Раф слизнул с губ соленые брызги разбившейся о край плота волны. Странно, почему вода на Глубине соленая, в то время как на Мелководье она пресная? И капли дождя тоже пресные. Раф часто думал об этом и не находил ответа.

Держась левой рукой за мокрый, скользкий поручень, тянущийся вдоль борта, ладонью правой Раф быстро провел по лицу, стирая капли дождя. Дождь хлестал так, что даже кепка с широким кожаным козырьком не спасала. Приходилось то и дело моргать, из-за чего никак не удавалось сфокусировать взгляд на том, что происходило за серой, мерцающей завесой ливня – на Глубине.

Уже над водой не было видно черенков тонких, ломающихся на ветру стеблей палочника, а это означало, что Мелководье скоро закончится. Еще метров сто, максимум – сто пятьдесят, и плот снесет на Глубину. Тогда шансы вернуться на Мелководье будут близки к нулю. Если только ветер вдруг резко переменится и погонит соленую глубинную воду на Мелководье. Но такое случалось редко, только после восточных штормов. А сейчас шторм шел с северо-запада. Он еще набирал силу, свирепел, как пойманный в петлю мокротень, явно готовясь бушевать дня три-четыре, а то и все пять, – никак не меньше.

Ударившая с левого борта волна приподняла плот. Раф обеими руками ухватился за поручень. И все равно ноги в плетеных сандалиях заскользили по рифленому пластику. Раф повис на поручне, отчаянно нащупывая опору. Когда ему удалось подняться на ноги, плот оказался развернут к Глубине правым бортом.

Держа на вытянутой руке фал, обвязанный вокруг пояса, Раф засеменил по мокрой палубе. Добравшись до жилой надстройки, он ухватился за тянущийся вдоль кабинки поручень и, перебирая его руками, перешел на другой борт. Еще одна короткая, безумно опасная пробежка, – и Раф навалился грудью на поручень правого борта.

Предмет, что он заприметил еще издали, по-прежнему был похож на размытое темное пятно. Но, гниль сырая, что еще это могло быть, как не плот, снесенный на Глубину! Вопрос только в том, кого и зачем понесло прочь с Мелководья, когда ребенку было ясно, что надвигается шторм? Даже в тихую, безветренную погоду опытные плотогоны отваживались зайти на глубину самое большое на триста метров. Да и то, закинув на Мелководье страховочный фал. А при такой волне, как сейчас, даже новый тростниковый канат не выдержит, если размотать его более, чем на сто метров. Ответ казался очевидным, – плот был бесхозный. Оторвался от связки и уплыл. Хозяин, конечно, болван, что не следит за своим имуществом. Но кем бы он ни был, унесенный на Глубину плот вместе со всем находящимся на нем имуществом по любым законам станет собственностью того, кто сумеет его достать.

Каждый год по тем или иным причинам пропадало от трех до семи пластиковых плотов. И это наносило серьезный урон не только владельцам потерянных плотов, но и всему обществу. Все больше тростниковых плотов приставало к Квадратному острову. А срок службы тростникового плота, при самом хорошем уходе за ним, не больше четырех лет.
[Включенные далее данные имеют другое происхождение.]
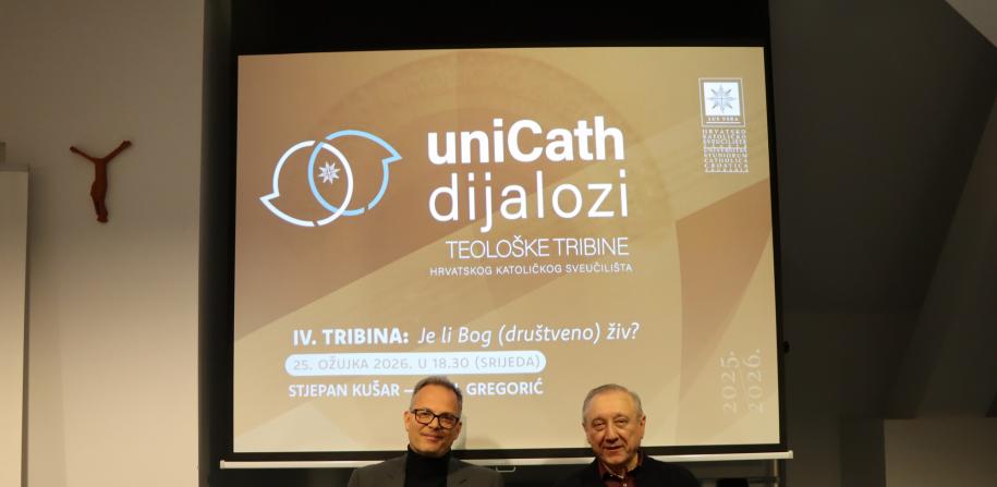 U srijedu 25. ožujka 2026. na Hrvatskom katoličkom sveučilištu održana je četvrta po redu teološka tribina u ciklusu Unicath dijalozi.Nakon što ih je moderatorica dr.sc. Kristina Vujica predstavila, izlagači prof. dr. sc. Stjepan Kušar s Hrvatskog katoličkog sveučilišta i dr. sc. Pavel Gregorić s Instituta za filozofiju imali su petnaestominutno izlaganje na temu „Je li Bog (društveno) živ?“Prof. Kušar je svoje izlaganje smjestio unutar kršćanske religiozne opcije i predstavio ga kao izraz…

Времени на размышление не оставалось. Еще минута-другая, и плот Рафа снесет с Мелководья. И тогда…

А что тогда?

Об этом тоже думал Раф звездными ночами, лежа на крыше жилой надстройки и глядя на небо, похожее на уснувшее море. Что будет, если уйти на Глубину и плыть все время вперед, все дальше, и дальше, и дальше, никуда не сворачивая? Одни говорили, что Глубина бесконечна. Так же, как небо. И огоньки, порой вспыхивающие на дне моря, были вовсе не отражениями звезд небесных, а совсем другими звездами, утонувшими в Глубине, как в небе. Другие утверждали, что если плыть по Глубине все время вперед, никуда не сворачивая, то в конце концов снова на Мелководье вернешься. Мол, такова природа Глубины, – не бесконечна она вовсе, а замкнута сама на себе. Вот только чтобы пересечь Глубину, плыть нужно очень-очень-очень долго. Так долго, что ни провианта, ни запасов пресной воды, ни здоровья не хватит. К тому же на глубине живут чудовища, способные в щепки разнести самый прочный плот из армированного стальной решеткой пластика. Одним словом, если кто и пытался по собственным разумению и воле уйти за горизонт, то история об этом умалчивала. Наверное, потому, что история, как водится, пишется одними разумными людьми для других точно таких же разумных людей, потому и нет в ней места для описания эксцентричных выходок безумцев. Общество способно терпеть безумца, поскольку он является хорошим примером для остальных. Прекрасным примером того, как не следует мыслить, что нельзя говорить, как не нужно поступать. Но, как только безумец скрывается за горизонтом, о нем тут же забывают. И больше никогда не вспоминают. Как будто его и вовсе не было.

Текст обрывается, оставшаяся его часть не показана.